4-Week Execution Roadmap

Created: February 18, 2026


Constraints

  • Deadline: March 30, 2026 (hard)
  • Target: Single clinic deployment (English primary, Mandarin secondary)
  • Infrastructure: Current OCI ARM instance — no cloud migration
  • Automation: Claude Code available for code changes and deployments
  • Non-goals: Redis, ECS/Fargate, LiteLLM, LiveKit, horizontal scaling

What Must Be True on March 30

  1. Real patient data is protected (rotated secrets, encrypted credentials, idempotent operations)
  2. English booking/rescheduling/cancellation calls work reliably end-to-end
  3. Mandarin track is either validated or explicitly disabled for launch
  4. One clinic is fully onboarded (all 7 required pre-launch checks pass)
  5. Operational runbook exists (what to do when things break at 2am)
  6. Backup is tested (restore verified, not just dump verified)

Week 1 (Feb 19-25): Security Hardening + Stability

Theme: Make the system safe for real patient data.

Day 1-2: Secret Rotation & Environment Hardening

Task Advisory Ref Detail
Rotate JWT_SECRET Security Finding #1 Generate 64-char random hex: openssl rand -hex 32. Update .env AND ecosystem.config.cjs
Rotate JWT_REFRESH_SECRET Security Finding #1 Same — separate 64-char random hex
Rotate DATABASE_URL password Security Finding #1 ALTER USER vitara WITH PASSWORD '...'; then update .env
Fix CORS_ORIGIN in .env Security Finding #1 Change to https://dev.vitaravox.ca (match ecosystem.config.cjs)
Verify OSCAR_SOAP_PASSWORD Security Finding #1 Confirm this is the real clinic credential, not a test default
Verify ENCRYPTION_KEY is real Security Finding #6 Already set (64-char hex) — confirm it encrypts/decrypts correctly

Validation: Restart PM2, confirm admin dashboard login works, confirm Vapi webhooks authenticate, confirm OSCAR SOAP connects.

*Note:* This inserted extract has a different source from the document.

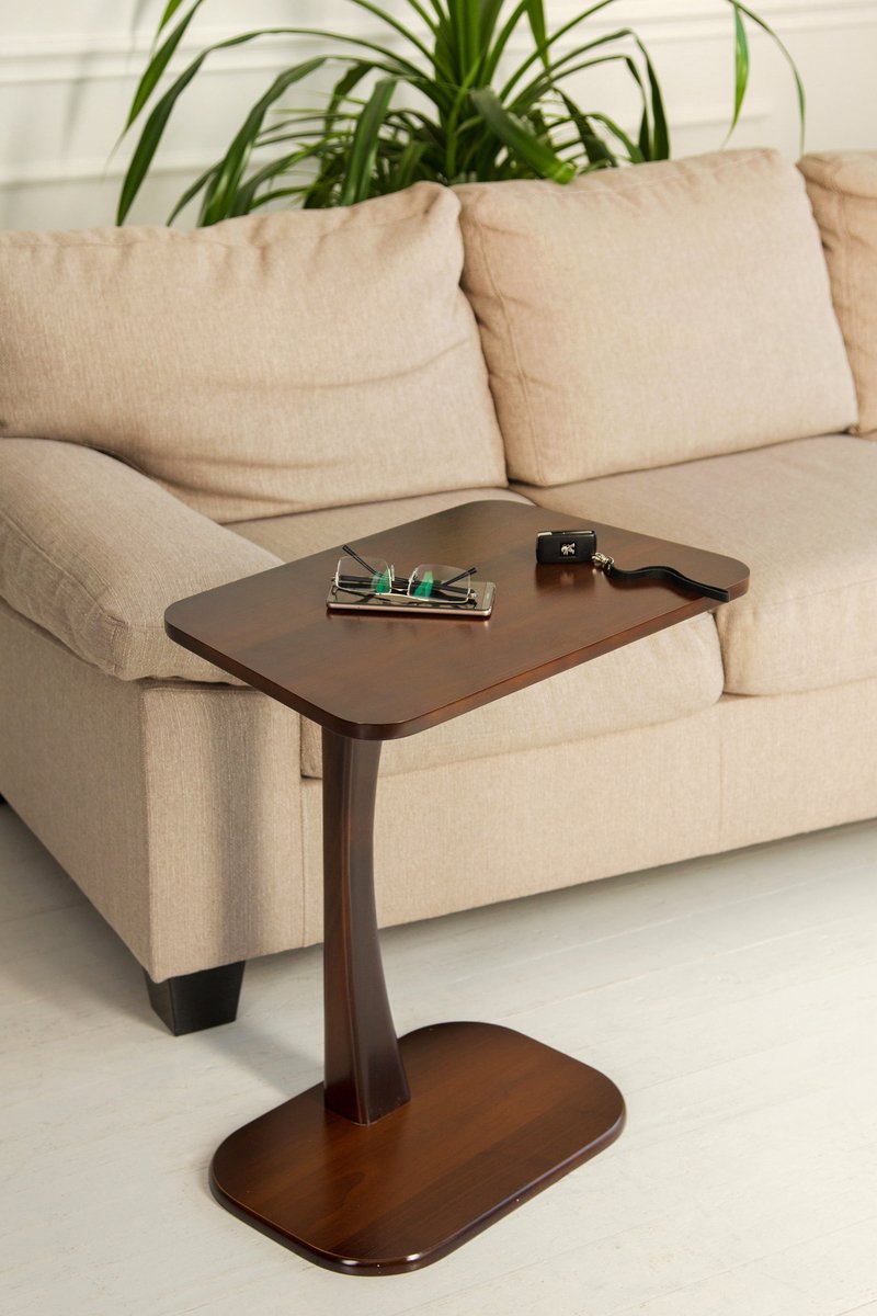 • Ніжка виготовлена з масиву натурального клена Стільниця та підніжка виконані з МДФ, покритої штучним шпоном Покритий італійським поліуретановим лаком Може використовуватися як підставка, кавовий столик або столик для ноутбука Стільниця із закругленими кутами Ш: 550 мм Г: 350 мм В: 640 мм Кольори: білий, темний горіх

Day 3-4: Idempotency + Webhook Audit Trail

Task Advisory Ref Detail
Add toolCallId dedup Security Finding #10 Create processed_tool_calls table (toolCallId TEXT PK, result JSONB, created_at TIMESTAMPTZ, expires_at). Check before processing, cache result, return cached on retry. 24h TTL with daily cleanup.
Add webhook tool-call audit logging Security Finding #19 On every tool call: write to audit_logs table with action: 'vapi_tool_call', tool name, clinicId, callId, demographicId (if available), outcome (success/error). Use existing audit infrastructure.
-- Migration: add processed_tool_calls
CREATE TABLE processed_tool_calls (
  tool_call_id TEXT PRIMARY KEY,
  result JSONB NOT NULL,
  clinic_id TEXT,
  tool_name TEXT,
  created_at TIMESTAMPTZ DEFAULT NOW(),
  expires_at TIMESTAMPTZ DEFAULT NOW() + INTERVAL '24 hours'
);
CREATE INDEX idx_ptc_expires ON processed_tool_calls(expires_at);

Validation: Make two identical test calls with same toolCallId — second should return cached result. Check audit_logs table for tool call entries.

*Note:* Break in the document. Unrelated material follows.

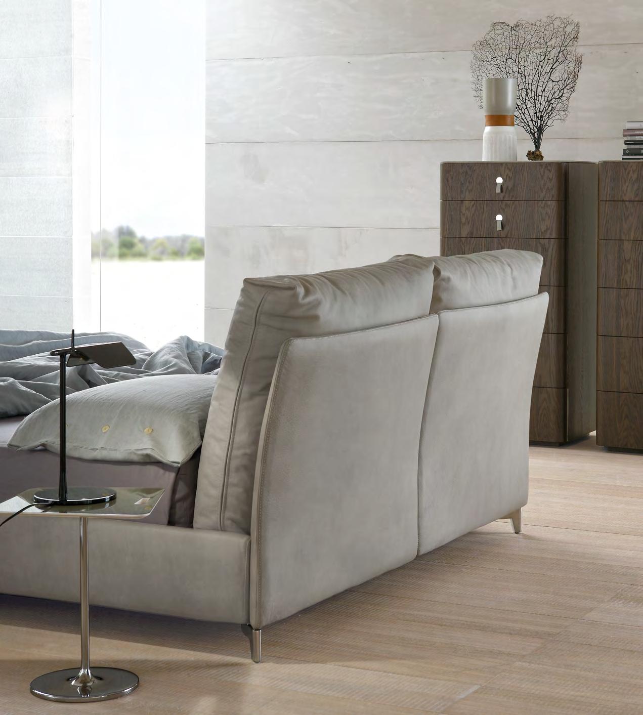 Un’ampia e sinuosa testata crea ambientazioni raffinate e suggerisce il massimo comfort e relax. Pelli pregiate e lavorazioni accurate garantiscono prodotti di alta qualità.

Day 5: PM2 Stability Investigation

Task Advisory Ref Detail
Investigate 6666 restart count Infra Finding #1 pm2 reset vitara-admin-api to zero the counter. Monitor for 24h. If restarts accumulate, check PM2 error logs for crash patterns.
Add PM2 restart delay Infra recommendation Add restart_delay: 5000 and max_restarts: 50 to ecosystem.config.cjs
Deploy from compiled JS Best practice Switch from tsx src/index.ts to node dist/index.js in ecosystem.config — faster startup, lower memory
// ecosystem.config.cjs — updated
module.exports = {
  apps: [{
    name: 'vitara-admin-api',
    script: 'dist/index.js',                    // compiled, not tsx
    cwd: '/home/ubuntu/vitara-platform/admin-dashboard/server',
    env: {
      NODE_ENV: 'production',
      PORT: 3002,
      CORS_ORIGIN: 'https://dev.vitaravox.ca'
    },
    watch: false,
    max_memory_restart: '500M',
    restart_delay: 5000,
    max_restarts: 50,
    kill_timeout: 10000                          // match graceful shutdown timeout
  }]
};

Build + deploy:

cd /home/ubuntu/vitara-platform/admin-dashboard/server
npx tsc
pm2 delete vitara-admin-api
pm2 start ecosystem.config.cjs
pm2 save

Validation: pm2 list shows 0 restarts. Monitor for 48h over weekend.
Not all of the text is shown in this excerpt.